À Düsseldorf comme à la documenta, à Francfort comme à Berlin, l’art palestinien est devenu un terrain d’exception où la liberté d’expression se négocie sous pression politique. L’affaire Basma al-Sharif – plasticienne dont l’œuvre entière est hantée par l’exil et la destruction – révèle la logique d’une confusion entre antisionisme et antisémitisme qui ne date pas du 7 octobre, mais qui s’est depuis lors radicalisée en instrument de censure généralisée.

« — Laisse tomber tous ces discours et suis-moi.
— Où ça ?
— Voir ce type.
— Qu’est-ce qu’il fait ?
— Il rentre chez lui.
— Mais il avance autant qu’il recule !
 — C’est sa façon de marcher.
— Il ne marche pas : il se balance, il danse !
— Regarde-le bien, compte ses pas.
— Un, deux, quatre, sept, neuf pas en avant. Un, deux, trois, sept, huit pas en arrière.
— Ce qui signifie ?
— Qu’il marche ! C’est la seule façon pour lui de retrouver le chemin de sa maison. Dix pas en avant, neuf pas en arrière. Il a avancé d’un pas.
— S’il ne fait pas attention et qu’il compte mal ?
— Il n’arrivera nulle part.
— Tu sous-entends quelque chose ?
— Je ne sous-entends rien. »
Mahmoud Darwich, Une mémoire pour l’oubli

Cette manière de marche insolite, à la fois balancement et danse, qui recule tout en avançant et risque de n’aboutir nulle part évoque étrangement les mouvements des œuvres de la plasticienne Basma al-Sharif : travellings montés à l’envers, mouvements circulaires, incessants recommencements… Ses œuvres sous-entendraient-elles quelque chose, elles aussi ?

Cela s’est passé cette année en Allemagne juste avant l’affaire qui a ébranlé la Berlinale, dont la directrice fut menacée de démission.

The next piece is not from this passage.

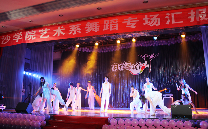 灯光璀璨,舞姿曼妙。11月22日晚,09级艺术系的舞蹈生们在教师学生活动中心为全校师生呈上了一场精彩的视听盛宴。此次舞蹈专场演出由艺术系主办,艺术系音乐教研室承办。长沙学院副院长王永宏、刘世昌,党委宣传部部长喻秋兰,电子与通信工程系主任刘安玲,长沙市歌舞剧院副院长刘学,艺术系主任柳玉、党总支书记胡嫔,副主任张建龙出席并观看了汇报演出。

C’était au mois de janvier 2026. Furent concernées une institution, l’académie des Beaux-Arts de Düsseldorf ; une artiste palestinienne, Basma al-Sharif, plasticienne, photographe, cinéaste, écrivaine ; enfin, la rectrice de l’académie, Donatella Fioretti, célèbre architecte et enseignante élue à la direction de l’académie depuis 2014. L’académie a pour coutume de confier tous les ans à ses étudiants la programmation et l’organisation d’une manifestation entre ses murs. Sparta est le nom de cette manifestation.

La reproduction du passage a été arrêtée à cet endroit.